Her udder is getting bigger, I hope it fill out nicer than it looks now kind of worried.


----------



## J.O.Y. Farm (Jan 10, 2012)

I'm sure it will look much nicer once you give her a real fill  I won't judge an udder till I fill them a few times


----------



## goatygirl (Feb 16, 2013)

9 more days, Paradise is driving the girls crazy she is the most spoiled little thing she screams when she doesn't get attention, and she jumps too! She back up to the wall run forward and jumps.


----------



## J.O.Y. Farm (Jan 10, 2012)

Oh my! Naughty girl! In sure she will calm down in a few days when she settles in... A big change for her


----------



## goatygirl (Feb 16, 2013)

She started screaming I ran out to find her out side of her pen, so she is in side with me now


----------



## ksalvagno (Oct 6, 2009)

Sounds like quite the stinker.


----------



## J.O.Y. Farm (Jan 10, 2012)

Oh my! Naughty naughty Perry!


----------



## goatygirl (Feb 16, 2013)

Well she is due today but she doesn't look close I'd give it a day or two but who knows.


----------



## J.O.Y. Farm (Jan 10, 2012)

Don't worry, snap is going on five days over due...


----------



## goatygirl (Feb 16, 2013)

She doesn't even act pregnant. Like still jumping on the door ect.


----------



## goatygirl (Feb 16, 2013)

She is losing her plug. Very uncomfortable I expect she will have them tonight or tomorrow. I will sleep on the couch tonight with my cloths on


----------



## ksalvagno (Oct 6, 2009)

Good luck!


----------



## goatygirl (Feb 16, 2013)

She just gave birth to two girls both extremely healthy and I could not be more proud! So happy!


----------



## ksalvagno (Oct 6, 2009)

Congrats!


----------



## nchen7 (Feb 25, 2013)

yaay!! congrats!!!


----------



## goatygirl (Feb 16, 2013)

Thank you! They are the healthiest little things. One is named Trumpet and the other is Clarinet. They sound like them.


----------



## J.O.Y. Farm (Jan 10, 2012)

Woot woot!

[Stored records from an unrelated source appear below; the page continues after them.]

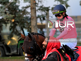 Jockey Fraser Aebly rides Long Acting to the track ahead of the seventh race at Woodbine Racetrack in Toronto, Canada, on November 23, 2025.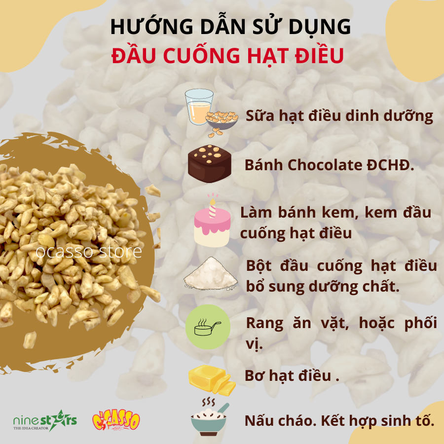 Cách sử dụng Đầu Cuống Hạt Điều: Với hàm lượng dinh dưỡng cao, đầu cuống hạt điều được các tập đoàn lớn sản xuất sữa hạt tại Mỹ và Châu Âu đang sử dụng phần đầu cuống làm nguyên liệu để sản xuất bánh kẹo, sữa bột hoặc sữa nước cung cấp thức uống bổ sung. Hiện nay, các sản phẩm Đầu Cuống Hạt Điều được Nine Stars sản xuất và bán trên thị trường với đa dạng mẩu mã và trọng lượng, đáp ứng nhu cầu sử dụng khách lẻ, và cung cấp cho các nhà máy, xí nghiệp lớn.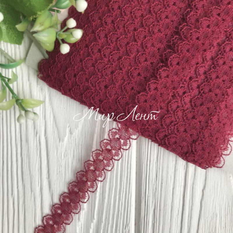 Мереживо Амелі (нестрейчеве), 1,5 см, бургунді, метр
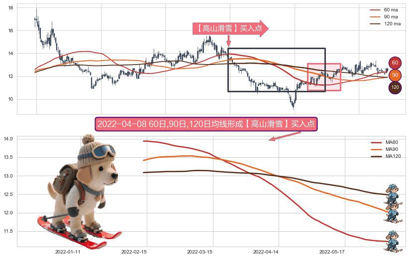 ⚀ 2022-02-14日-2022-06-06日显现 60日-90日-120日均线 【高山滑雪】买入点 看多信号,后市看涨,买入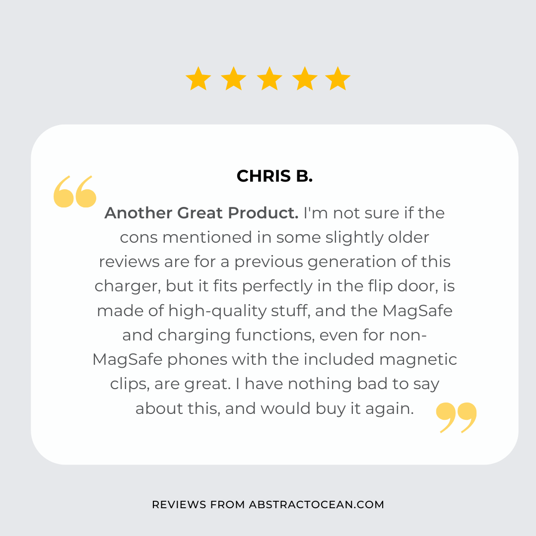 The charger has 20 magnets carefully placed to align with the MagSafe magnets in supported devices. Your phone will effortlessly snap in place and stay secure.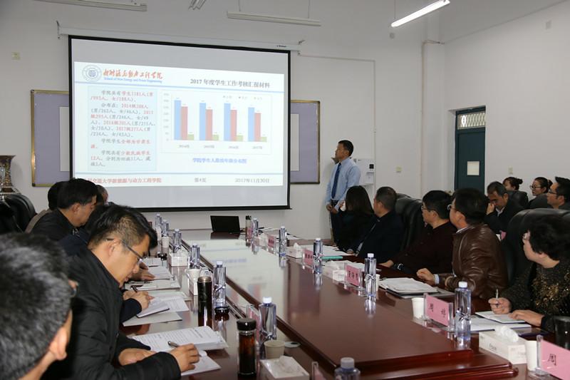 會前,新能源學(xué)院院長董海鷹考核組總體匯報(bào)了學(xué)院的師資情況、工作思路、工作措施、取得的成績及面臨的困難。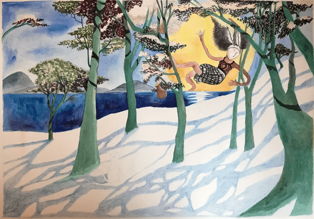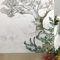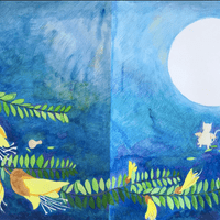 First step,create the characters, which were three characters created in Photoshop, Rona, Shuiyue and Mittens. Firstly,I drew the characters on the paper and then took the photo, poured it into Photoshop, and then extracted the line drawing to create a silhouette, after distinguishing the main light and dark, I drew the parts of the character in different colors, created different layers for different parts, and finally merged all the layers when I was satisfied. What I have always wanted to explore is how to create hand-drawn texture effects in digital form, so that digital works produce a hand-drawn texture as much as possible, the process is difficult, so after deciding to draw three characters in Photoshop, I just used PS to lay the manuscript with a large color, roughly creating the atmosphere and space of each picture, and finally I decided to use watercolor paint brushes combined with colored pencils to continue the creation of this picture book, and finally scan it into the computer and adjust the color with PS.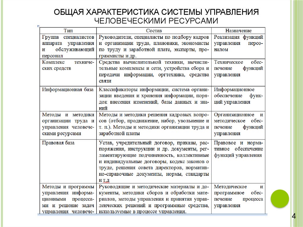 ОБЩАЯ ХАРАКТЕРИСТИКА СИСТЕМЫ УПРАВЛЕНИЯЧЕЛОВЕЧЕСКИМИ РЕСУРСАМИ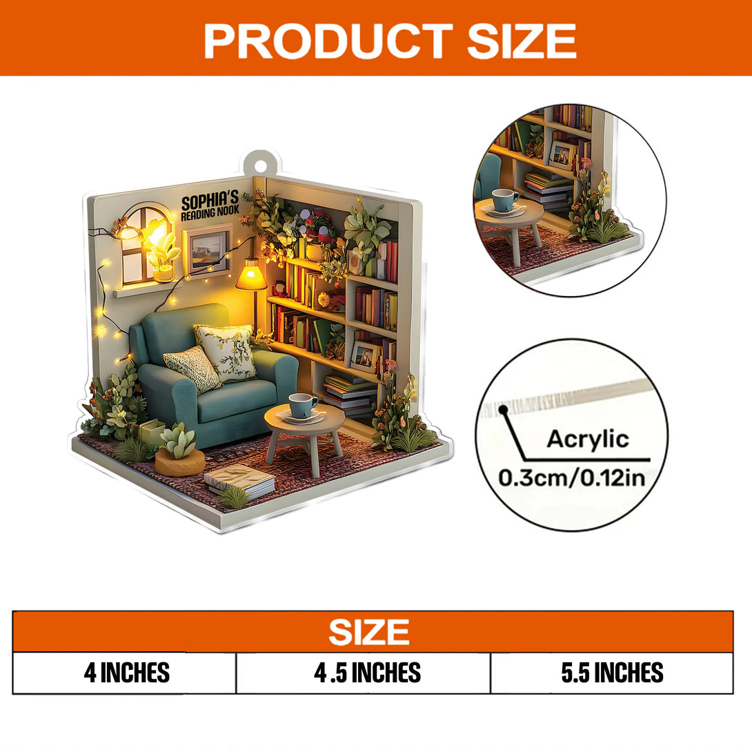 2D FLAT Dreamy Cozy Reading Nook - Personalized Reading Acrylic Ornament, Reading Room Christmas Ornament, Bookworm Gift

Congrats!!  can't wait to see pics!


----------



## goatygirl (Feb 16, 2013)

Yeah, it was a really easy birth. i got there and she was laying on one of them


----------



## goatygirl (Feb 16, 2013)

Here they are!


----------



## goatygirl (Feb 16, 2013)

The top three is Clarinet the last three is Trumpet.


----------



## ksalvagno (Oct 6, 2009)

They are so sweet!


----------



## J.O.Y. Farm (Jan 10, 2012)

The first one looks like her daddy!


----------



## goatygirl (Feb 16, 2013)

I honestly don't really know what her dad looks like. Brenda recommended him so I just went with what she said (Brenda is always right).


----------